Good start. This flows well as a continuation of the first story looking forward to more of this,

Not bad, not bad, I'll keep reading. Could use some refining, like maybe split Chryssie naming the other queen and calling her her oldest friend into two so it doesn't come off so expository. Like, Chryssie could start with naming her, she could answer, and then, after the explanation of what happened and whether she can help, Chryssie could answer 'anything for my oldest friend' and voila, more natural dialogue progression.

Another thing, I think Pinkie and Dash wouldn't be ones to use Your Majesty so much, I imagine Pinkie would keep using nicknames and stuff.

But, all in all, I like it.

'“"You're right! I' - doubled quotation mark.

8755080


Fixed the double quotation and took your suggestion about splitting that bit about Chrysalis calling her friend by name and made it less expositionary. Also, you raise a valid point about Rainbow and Pinkie, but I was just sticking to script with that decision...

In the original story, which is linked in the summary, EVERY pony calls Chrysalis “Your Majesty”, so that is a theme that I will continue here

As the author of the original I have to say I'm happy where Sandstorm is taking my creation and look forward to seeing what happens next.

I like that the story is continuing in the same style as the previous. My only issue is with the title of the story which is non-sensical.

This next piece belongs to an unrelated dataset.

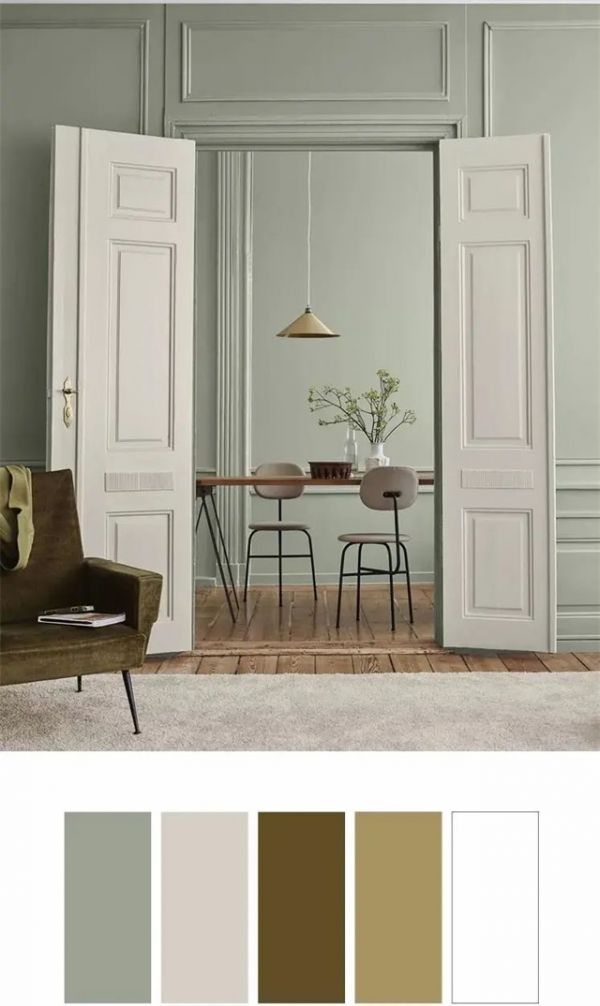 想体验大自然的纯粹,这两个颜色的搭配极为合适,作为同色系组合,它能让整个空间的层次感瞬间提升。浅灰绿色墙壁搭配白色家具,再添上原木色地板,一股清新劲儿油然而生。

Maybe "Queen Chrysalis, Relationship Counselor Extraordinaire" or "Queen Chrysalis, Relationship Doctor" or some such?

8757006


yeah... you got a point, changing it to doctor

Somehow I can't get into that story. Things go so fast and without any problem that they could not even be there. Its even hard to tell characters appart because there is no time to make them different with how fast its going and how each event looks same

8761037

Sorry you didn’t like it, but I burned out my brain and had to recover for two days due to writing all 6200 words in just 32 hours. This chapter length is very close to my maximum (6700 words), and although I am improving with my skills, this really tested my abilities to produce a decent chapter without imploding.

Chrysalis had never been too fond of pony food, preferring to feast on positive emotions instead, but this was one time she gladly made an exception as she ate her fourth cupcake. The frosting was light, the cupcake itself moist and flavorful, and was packed with enough love that she felt like she was gorging on the Crystal Heart.

I quoted this passage for a very particular reason. Here, you have Chrysalis enjoying a cupcake, and her reflecting on something she likes, dislikes, and more. In effect, you explore Chrysalis' thoughts.

This is what I look for in a story. Half of everything I've enjoyed has been the exploration of a character's personality, often with fast witty dialogue. But, Sand, and I hate to say it, but one reason I've had a hard time getting into your stories is a combination of this and a lack of setup.

To me, it seems like you're so eager to jump into the story that you don't build up the infrastructure to get there. I know here this is based on Penalt's story, but even considering that it feels as if you are flinging yourself forward to get to the real story. Part of this is due to taste: I like stories that take their time in setting up a scenario and once all the pieces are in place they execute it. But this is an opinion-there's nothing wrong with faster paced stories, which yours seem to strive for.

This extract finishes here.